|Natural Cures Vitamins and Minerals Vitamin K Supplements|
Vitamin K Supplements
Naturally occurring Vitamin K are in two forms:
• Vitamin K 1 (phylloquinone, phytomenadione), which occurs in plants (originally isolated from alfalfa) is supplied in diet gets absorbed with other lipids.
• Vitamin K-2 (flavinoquinone, farnoquinone menaquinone) synthesized by bacteria in colon is absorbed from there and detected in liver.
Different members of K family are synthesized by green plants and bacteria. The artificial synthetic product vitamin K-3 (Menadione) is more potent than the natural variety.
Vitamin K is a fat-soluble, heat stable and withstands cooking. Vitamin K is stored in the liver. It is found that vitamin K stored in liver consists of about one-half from the diet and other half from bacterial production in the intestine. It is absorbed along with fat in the diet. Bile is essential for its absorption. There is hardly any excretion of this Vitamin by the body.
The role of vitamin K is to stimulate the production and/or the release of certain coagulation factors.
• It helps to maintain normal prothrombin content in the blood.
• It is essential in prevention of internal bleeding and haemorrhages.
• It is important for the normal functioning of the liver.
• It cheeks excessive menstrual flow in women.
• It acts as protector against cancer, and also in reducing the loss of calcium from the bones, as one grows older and is prone to osteoporosis.
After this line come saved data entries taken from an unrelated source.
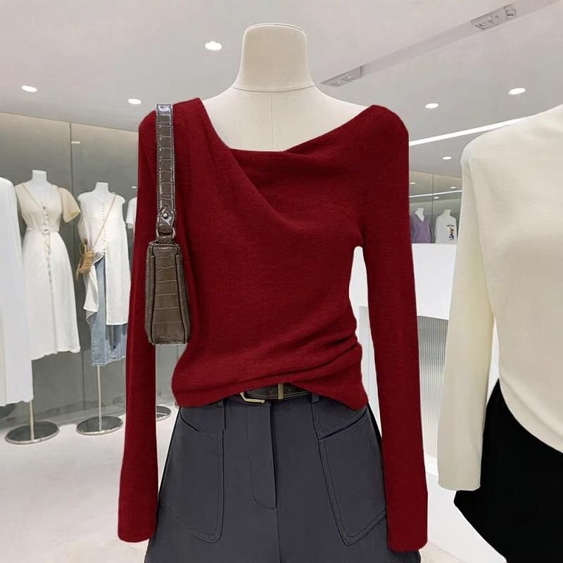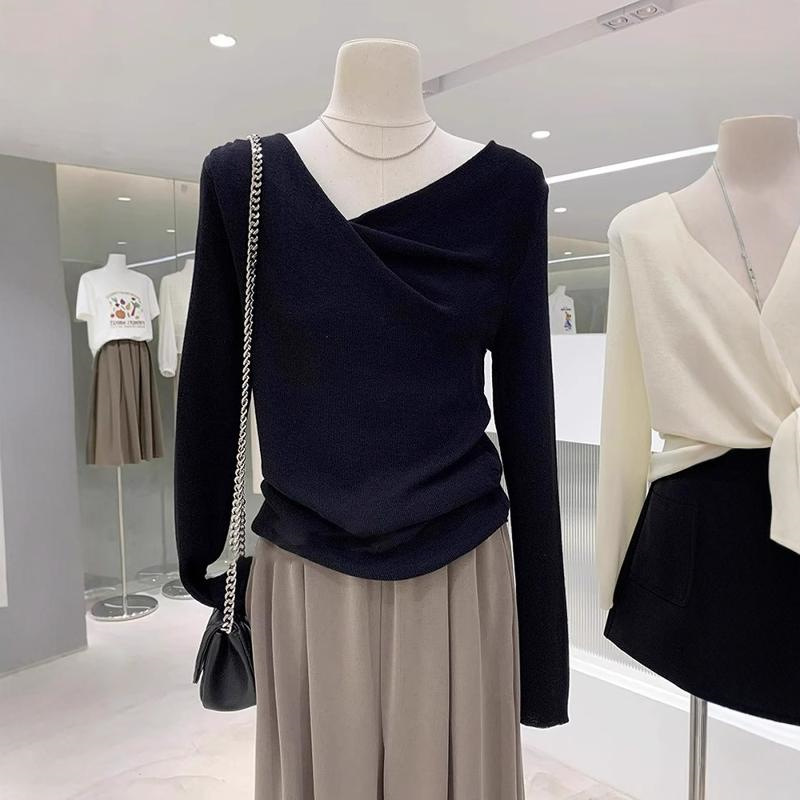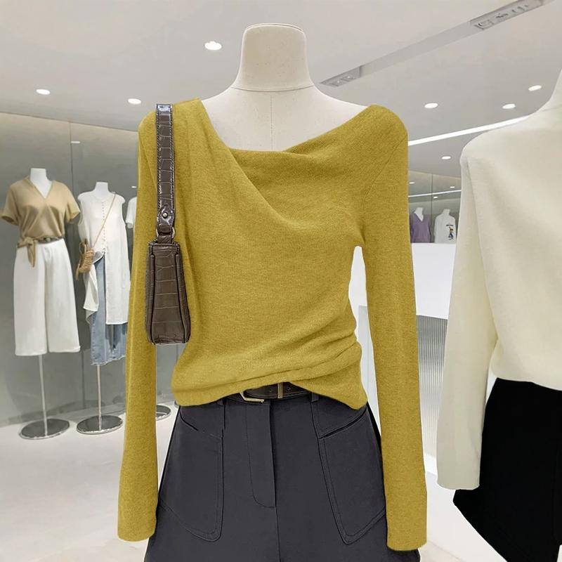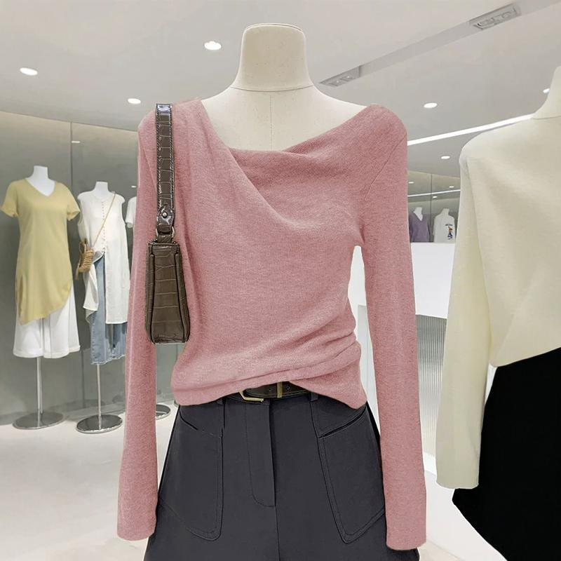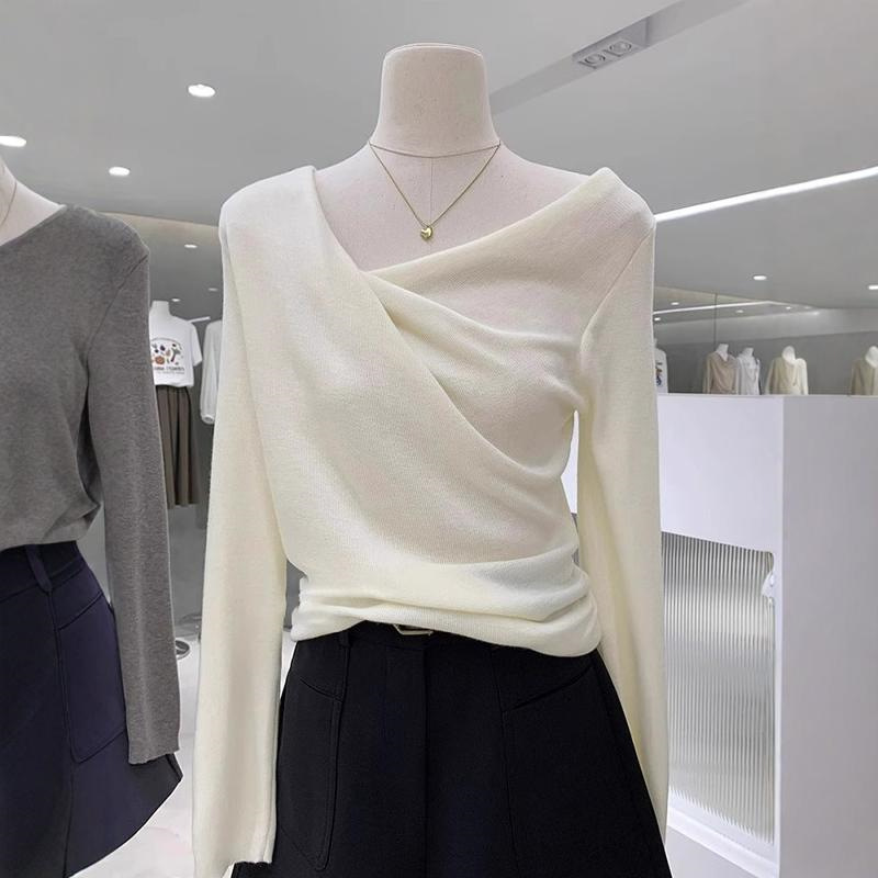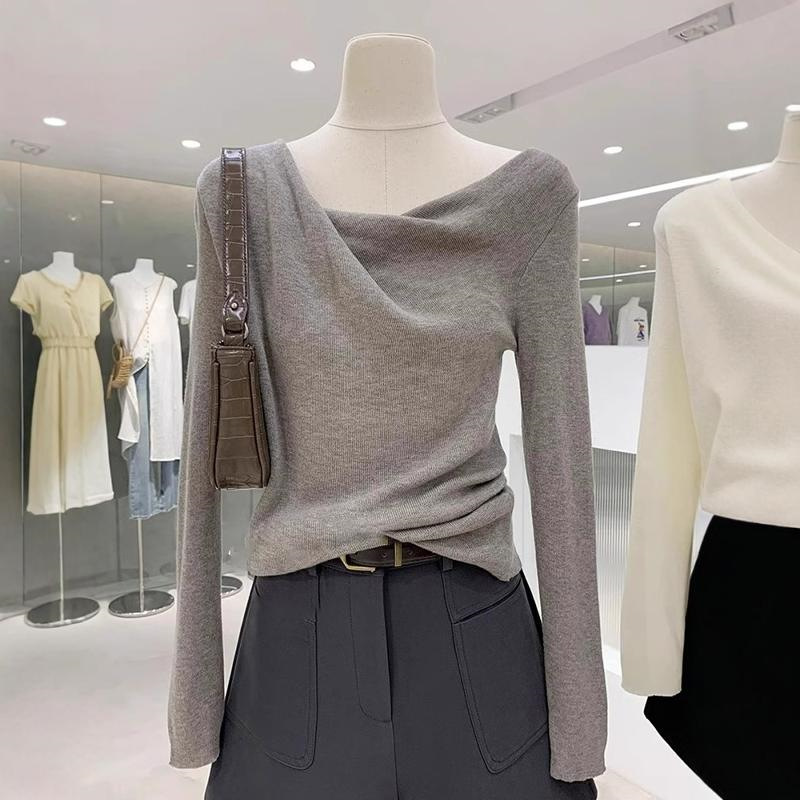 하이 엔드 우아한 그레이 스윙 칼라 긴팔 니트웨어 여성용 봄과 가을 디자인 슬림 핏 스웨터 내베이스 탑
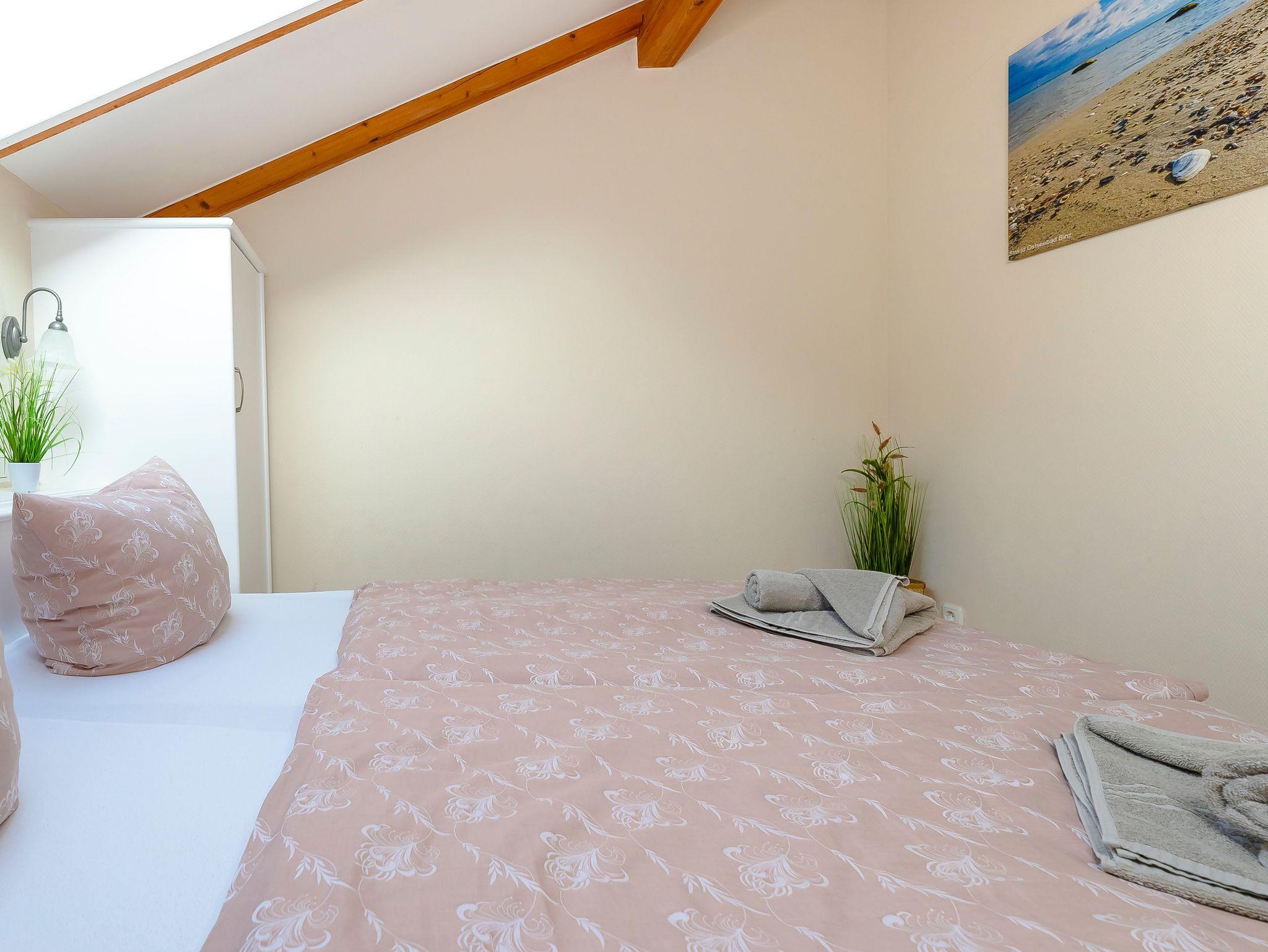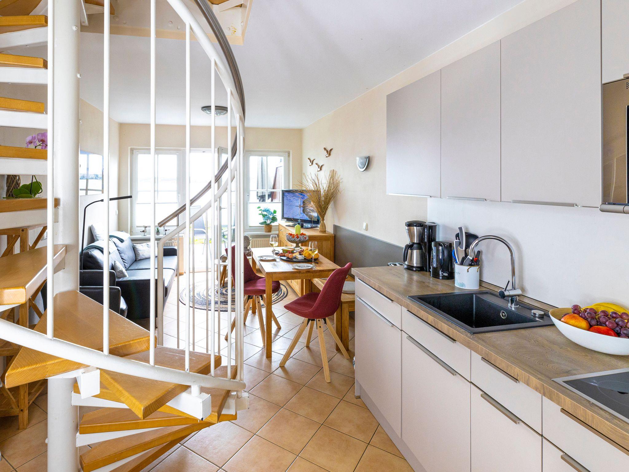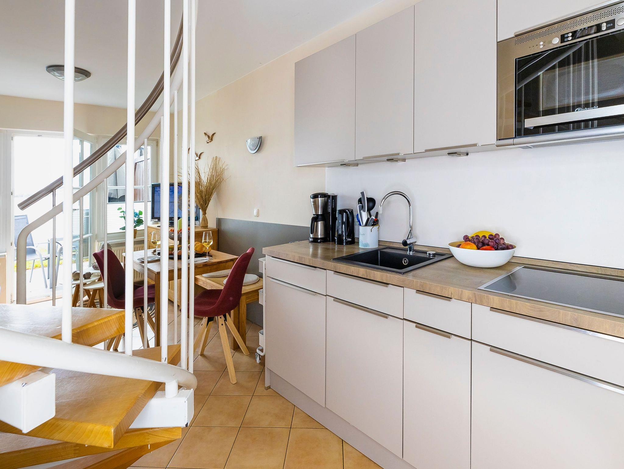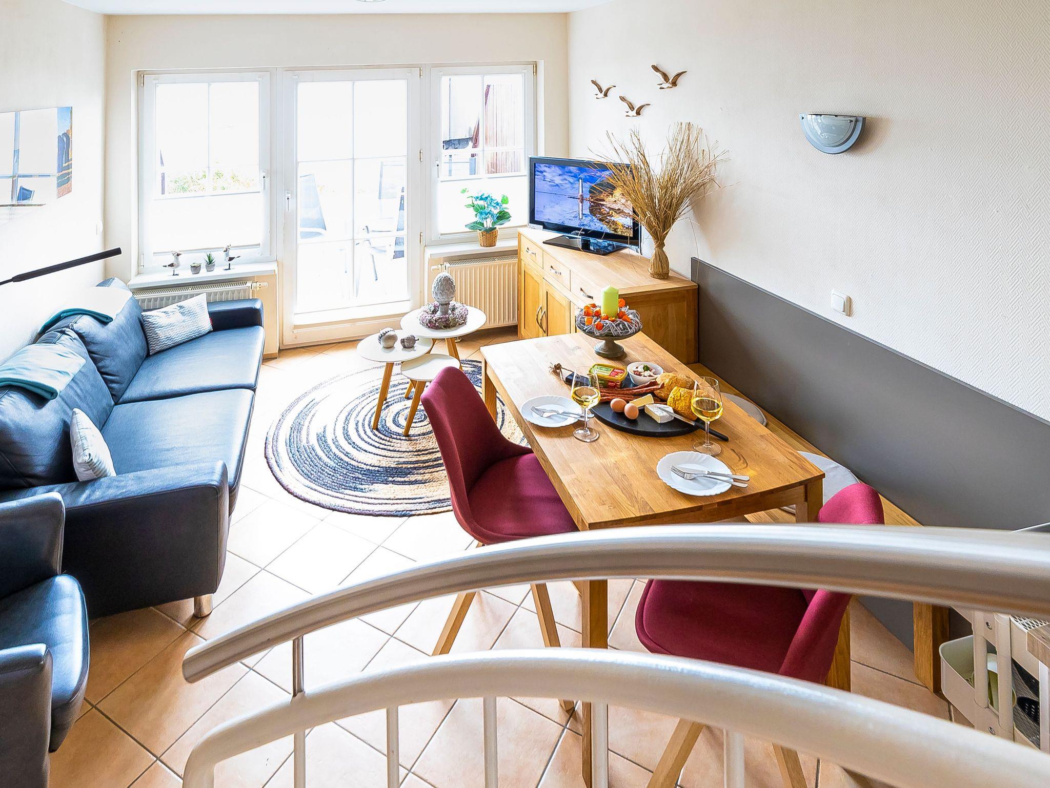 Die modern und liebevoll eingerichtete Wohnung 2 im Haus Seeblick im Maisonette-Stil verfügt über eine sonnige Terrasse mit offenem Seeblick, zwei separate Schlafbereichen im Obergeschoss, sowie einem hellen Wohnbereich mit offener Küchenzeile. Sie umfasst ca. 42qm. Genießen Sie einen unverwechselbaren Seeblick ? direkt beim Aufstehen! Der komfortable Wohnbereich mit Couch + Couchtisch, einen Sessel, einer Stehlampe, eine Kommode mit Flachbild-TV sowie ein Regal bietet Ihnen einen gemütlichen Ort zum Ausklingen der erlebnisreichen Tage auf der Halbinsel Mönchgut. Von hier aus gelangen Sie auf die sonnige und bestuhlte Terrasse (Süden) mit Sonnenschirm und einem einzigartigen Seeblick. Angrenzend befindet sich eine offene und voll ausgestattete Küchenzeile mit Spülmaschine, Kühlschrank mit Eisfach, Dunstabzugshaube, Wasserkocher, Kaffeemaschine, Nespresso Maschine, Toaster, Induktionsfeld und Mikrowelle und ein Essplatz. Im Obergeschoss befinden sich die beiden Schlafräume, die jeweils mit einem komfortablen Doppelbett (1,80m x 2,00m) und Kleiderschrank ausgestattet sind. Auf der unteren Ebene befindet sich das freundliche Tageslicht-Bad mit einer ebenerdigen Dusche, ein WC, ein Fön sowie ein Waschplatz mit dazugehörigem Spiegel. Für unsere kleinen Gäste steht ein Hochstuhl sowie ein Kinderreisebett (ohne Bett Inlett/inkl. Matratze) zur Verfügung. Auch ein 4-Beiner ist mit seinem eigenen Schlafplatz gegen eine Gebühr ein gern gesehener Gast. Eine Fahrrad-Unterstellmöglichkeit steht Ihnen und allen Gästen des Hauses zur gemeinschaftlichen Nutzung kostenfrei zur Verfügung. Ihr PKW-Stellplatz befindet sich knapp 100m vom Haus entfernt und ist für Sie inklusive. Die Erstausstattung eines Wäschepaketes (komplette Bettwäsche, 1 Duschhandtuch, 2 kleine Handtücher) können Sie bis 14 Tage vor Anreise gegen einen Aufpreis dazu buchen oder durch eigene ergänzen. Ab 2 gebuchten Paketen erhalten Sie einmalig 1 Geschirrhandtuch und 1 Duschvorleger hinzu.
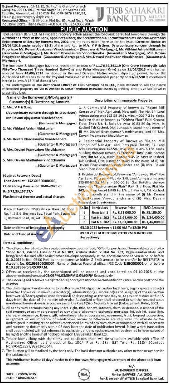 Residential Property of, Known as "Ambawadi Plot" Non Agri Land, Plots paiki Plot No. 158, Land Admeasuring area 185-80-67 5q. Mtrs, 500-00 5q. Gaj. Building thereon. known as "Raghunandan Flats Paiki 3rd Floor, Flat No. 302, built up Area 61-995 Sq. Mtrs, in Keshod, Tal: Keshod, Dist. Junagadh stand in the name of (1) Mr. Devani. Bhavikkumar Vinodchandra and (ii) Mrs. Devani Pragnyaben Bhavikkumar.
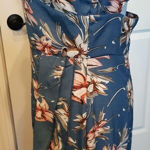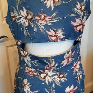 L & T Blue Sleeveless Flowy Open Back Ruffle Bottom Floral Print Dress

Natural Sources of Vitamin K
Vitamin K is found in abundance in fresh green vegetables like tomato, soyabean, alfalfa, spinach, cabbage, cauliflower, and port liver etc. Corn and soya oil are also good. All fruits and cereals are, however, poor sources of vitamin K. This vitamin is found in small quantities in milk and its products which include curds and buttermilk as well.
Daily Requirement of Vitamin K
The RDA (recommended daily allowance) is 50 mcg for children and 70 mcg for adults. Normal mixed diet supported with synthesis by the bacteria in the gut provides adequate amount of Vitamin K.
Vitamin K Deficiency
• Its deficiency leads to defective blood coagulation and haemorrhages.
• In vitamin K deficiency, the prothrombin content of blood is markedly decreased and the blood clotting time is considerably prolonged.